(Information shown):
───
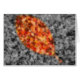 A selectively coloured autumn photograph of fallen crepe myrtle leaves, with a gold-framed leaf shape of bright red, orange, and yellow against a black and white background.
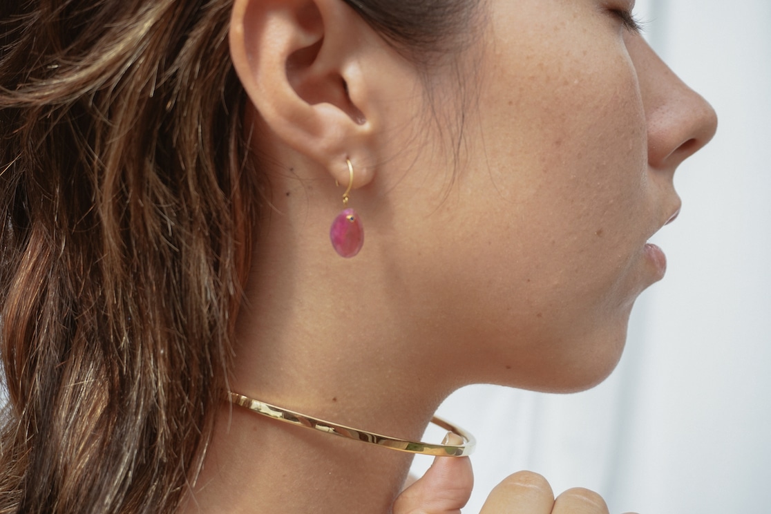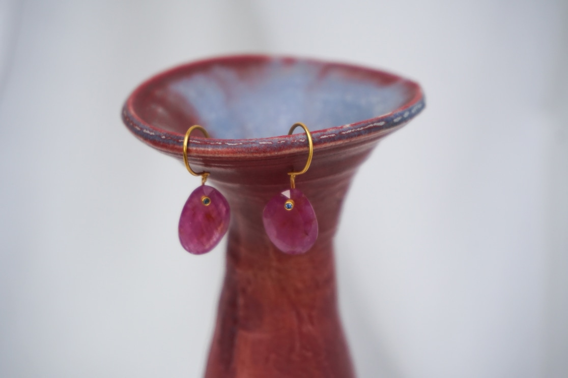 そしてルビーのピアスも、もともとマゼンタ色が好きなのでとってもかわいいと思いました。さりげなくサファイアが左右に一石ずつ入っていて、エキゾチックな雰囲気が、いま私がいるバリにもぴったりです。
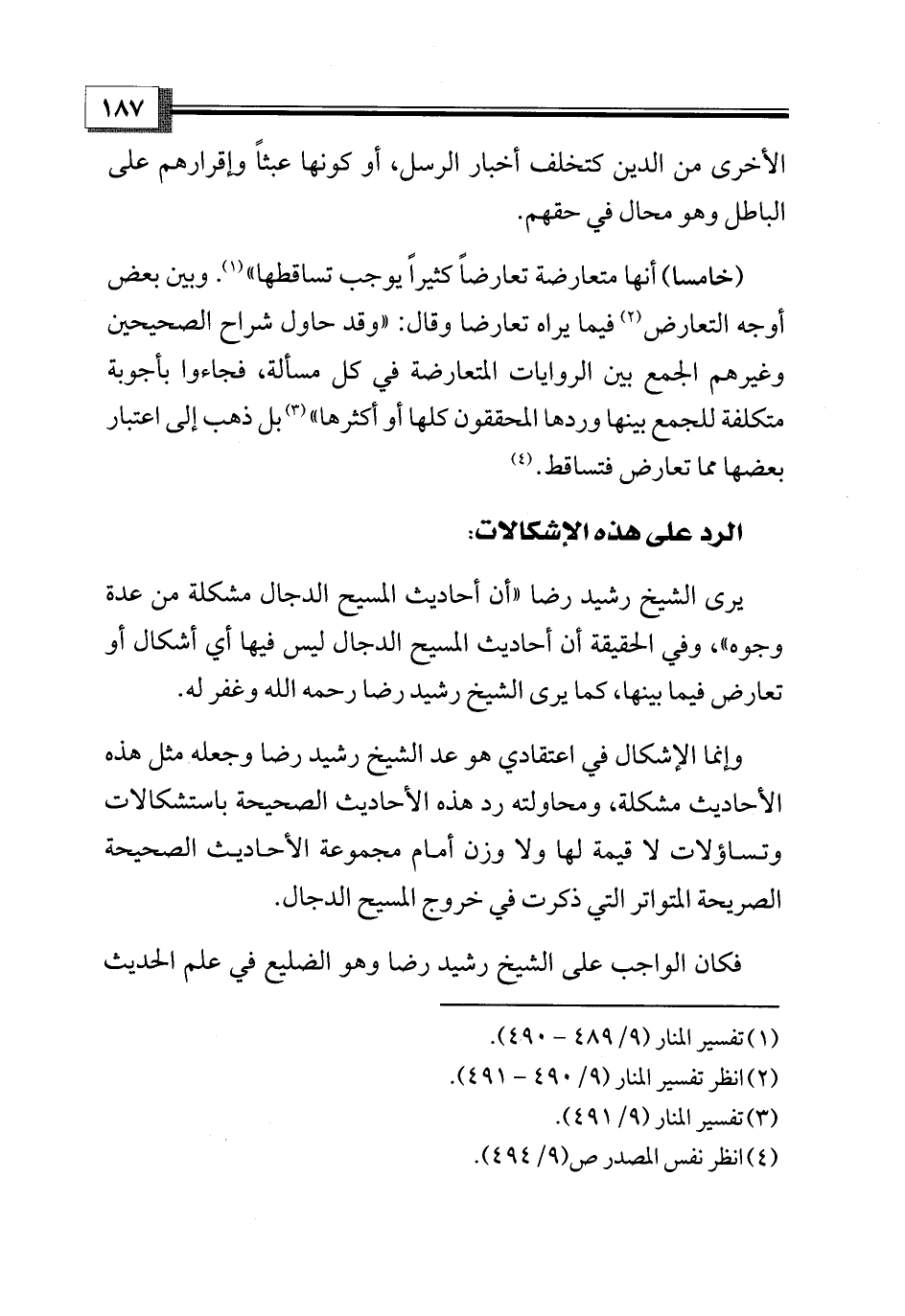 وإنما الإشكال في اعتقادي هو عد الشيخ رشيد رضا وجعله مثل هذه الأحاديث مشكلة، ومحاولته رد هذه الأحاديث الصحيحة باستشكالات وتساؤلات لا قيمة لها ولا وزن أمام مجموعة الأحاديث الصحيحة الصريحة المتواتر التي ذكرت في خروج المسيح الدجال.
───
(Aim of the exercise): Give the data above again in full and unchanged, skipping the pictures.

(Written answer):
 A selectively coloured autumn photograph of fallen crepe myrtle leaves, with a gold-framed leaf shape of bright red, orange, and yellow against a black and white background.
 そしてルビーのピアスも、もともとマゼンタ色が好きなのでとってもかわいいと思いました。さりげなくサファイアが左右に一石ずつ入っていて、エキゾチックな雰囲気が、いま私がいるバリにもぴったりです。
 وإنما الإشكال في اعتقادي هو عد الشيخ رشيد رضا وجعله مثل هذه الأحاديث مشكلة، ومحاولته رد هذه الأحاديث الصحيحة باستشكالات وتساؤلات لا قيمة لها ولا وزن أمام مجموعة الأحاديث الصحيحة الصريحة المتواتر التي ذكرت في خروج المسيح الدجال.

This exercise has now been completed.